Имеются несколько механизмов, с помощью которых пептид-специфические T-клетки могут влиять на ремиссию саркоидоза. Стокгольмское исследование показало, что у DRB1*0301+ пациентов T-клетки в легком имеют тенденцию к уменьшенному Th1 ответу (55). Хотя прямой анализ Th1/Th2 фенотипов AV2S3 + T-клеток у этих пациентах пока не был закончен, вероятно эти AV2S3 + T-клетки также имеют уменьшенный Th1 фенотип. Факт, что эта субпопуляция T-клеток связана с ремиссией болезни, предполагает уменьшение экспрессии Th1 свойств или, возможно, способность производить высокие уровни трансформирующего фактора роста бета, что может быть важным для благоприятного прогноза. Muller-Quernheim с коллегами показали, что уменьшение производства TNF и увеличение производства трансформирующего фактора роста бета саркоидными клетками БАЛ связано с уменьшенным риском прогресса болезни, предполагая, что уменьшение Th1 иммунного ответа является важной особенностью пациентов с ремиссией болезни (56, 57). DQB1*0201/DRB1*0301 гаплотип таже может благоприятно влиять на исход болезни, с помощью неспецифической регуляции иммунного ответа.

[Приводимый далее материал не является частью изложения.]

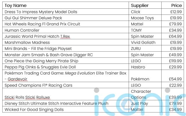 The list is released as industry data tracking experts Circana revealed the UK toy market grew by 6% in value this year, the largest increase since 2020.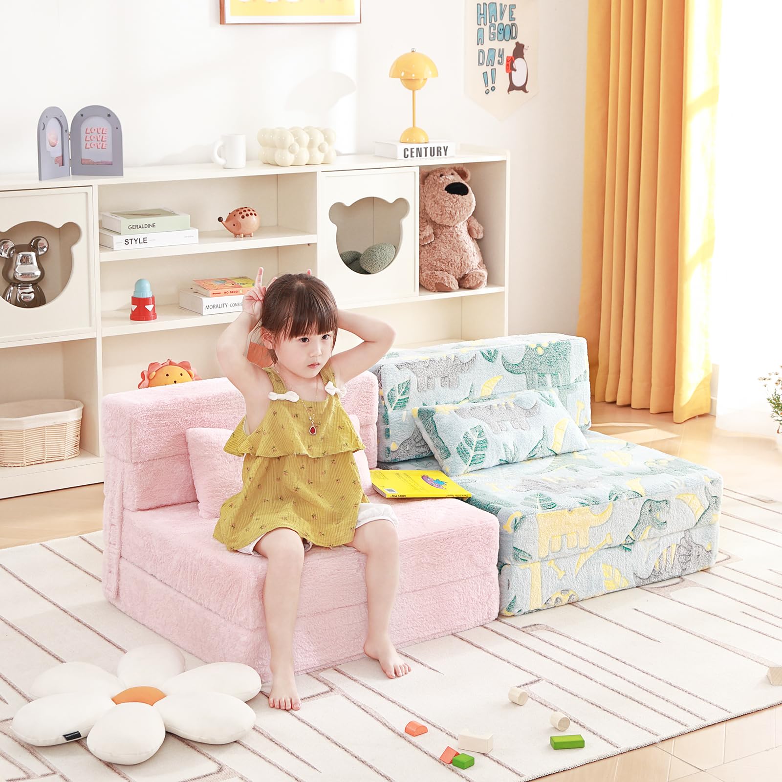Folding Sofa Bed Floor Mattress for Kids with Pillow, Toddler Washable Folding Floor Nap Mat for Sleeping Daycare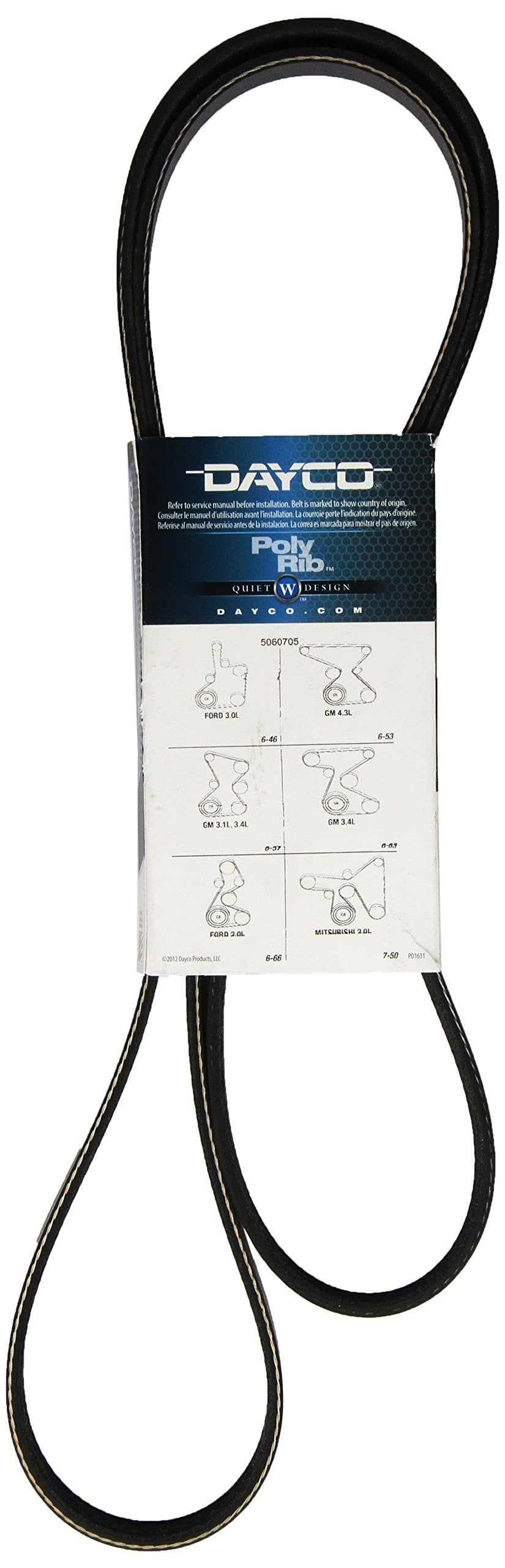 Q: How long can I expect the Dayco 5060705 Serpentine Belt to last?A: The lifespan of the Dayco 5060705 Serpentine Belt can vary based on driving conditions and vehicle usage. However, with its durable design, it can last significantly longer than conventional belts, especially under high load.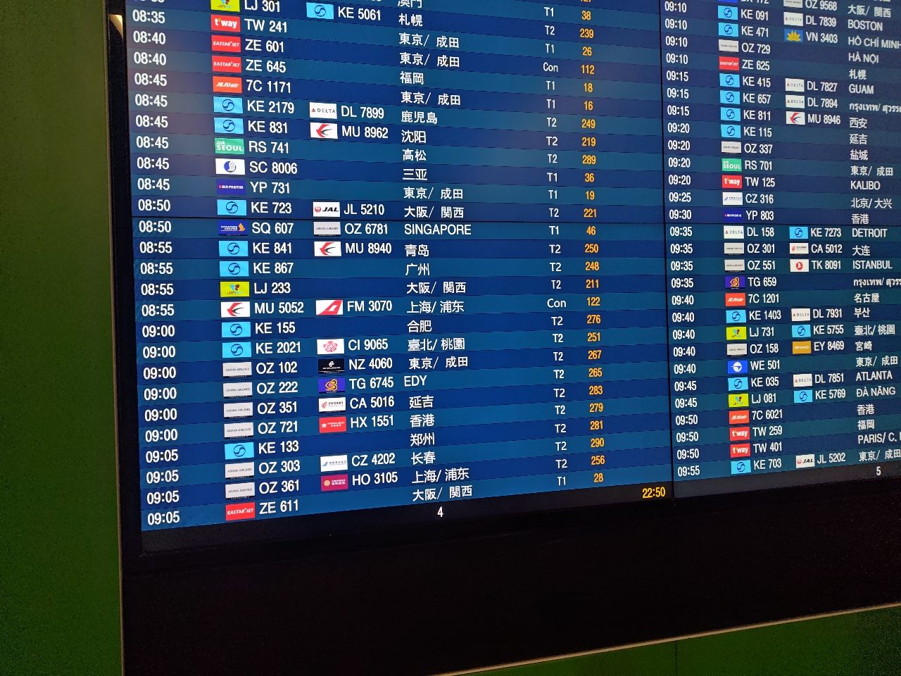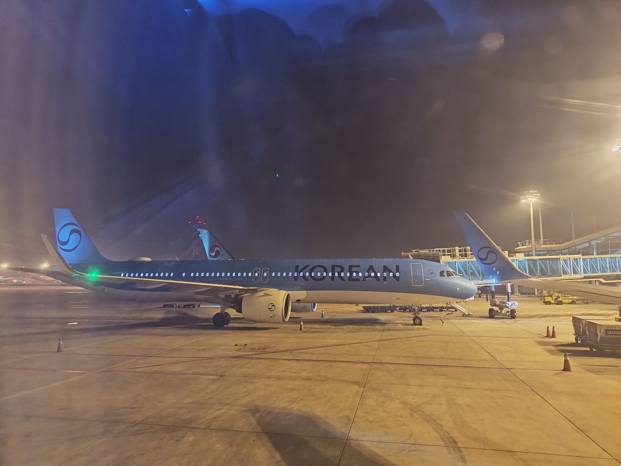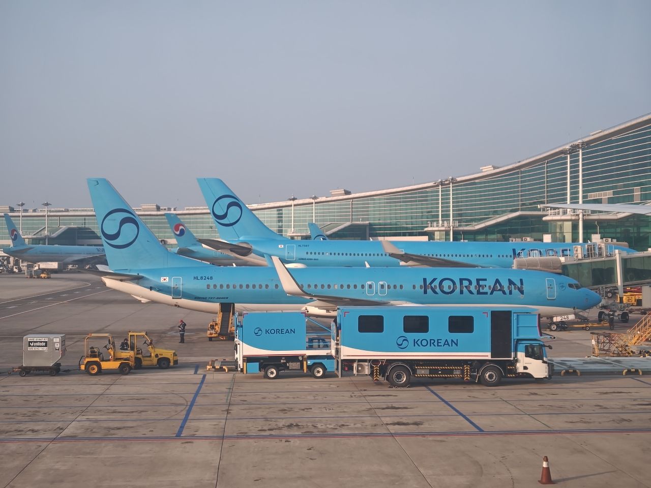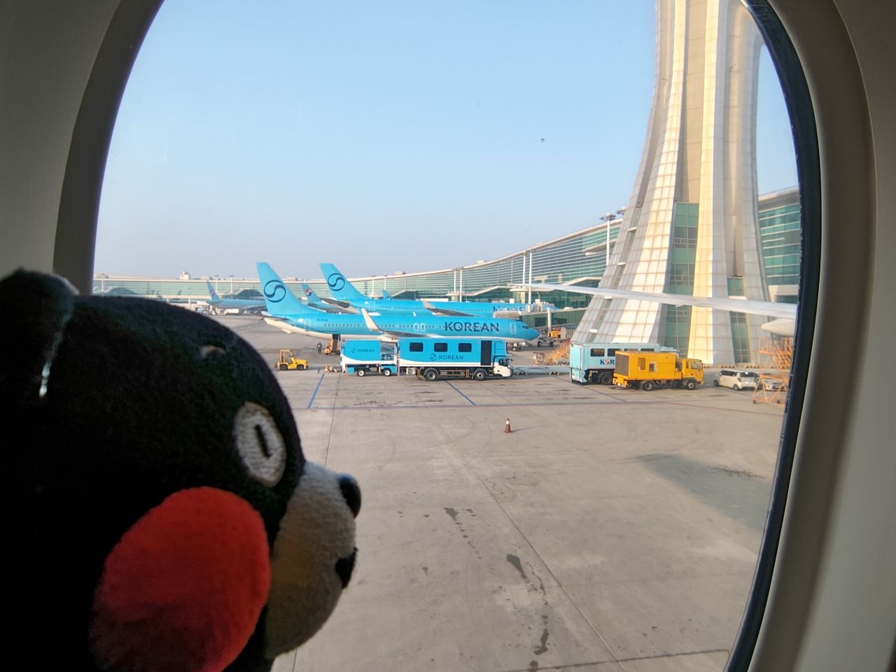 到仁川機場主場了,窗外都是藍色大韓航空的飛機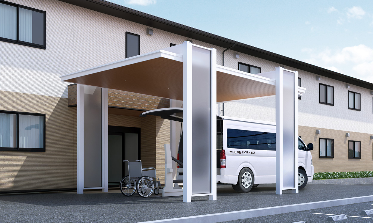 アーバングレー(UC)/5558/H25/屋根枠材:Pタイプ/天井材・たて格子パネル:ビターグレイン(HG)/オプション:ダウンライト

Также возможна гипотеза, что AV2S3+ T-клетки у Шведских пациентов являются частью клеточного или гуморального ответа, которые содействуют уничтожению антигена (ов) или обеспечению толерантности аутоиммуннного ответа. Очевидно, что источником неизвестного пептида является антиген или аутоантиген. В этом случае, при изменении баланса Th1/Th2, может развиваться эффективный гуморальный ответ, который уничтожает антигены с помощью механизмов, связанных с рецептором комплемента-1. В этом сценарии, иммунные комплексы не являются начальной причиной формирования гранулемы при саркоидозе, а скорее играют роль при уничтожении антигенов у тех пациентов, у которых наблюдается ремиссия. Недавнее исследование обнаружило, что ген рецептора комплемента-1, является геном-кандидатом восприимчивости к саркоидозу, несмотря на отсутсвие связи с клиническим фенотипом (58, 59). Эта гипотеза совместима с ассоциацией циркуляции иммунных комплексов с благоприятным синдромом Лёфгрена и также объясняет, почему иммунные комплексы редко бывают найдены на участках гранулематозного воспаления в саркоидных тканях. В этой модели, центрами формирования гранулем могут быть нерастворимые белковые структуры, возможно микробного происхождения, которые первоначально не были уничтожены из-за отсутствия или неэффективного гуморального ответа в контексте поляризованного и патогенного Th1 иммунного ответа на те же самые антигены.

Хотя сценарий, приведенный выше - только одна из возможностей, если он истинен, могут быть разработаны терапии, направленные на комплекс пептид/MHC. Конечно, это будет зависеть от идентификации пептидов, которые предпочтительно связываются с молекулами HLA и стимулируют соответствующие субпопуляции T-клеток. Альтернативно, идентификация таких пептидов, привела бы к попыткам блокирования сцепления пептидов с молекулам HLA. Конечно, есть возможность, что связь HLA с ремиссией или хроническим саркоидозом не связана с пептид-связывающей функцией молекул HLA, а связана с не-HLA генами. Дальнейшее картирование региона MHC должно дать категорический ответ на этот вопрос. Тем временем, трудно воздержаться от оптимистической перспективы, что может быть разработана пептид-специфическая вакцина, чтобы улучшить клинические результаты при лечении саркоидоза.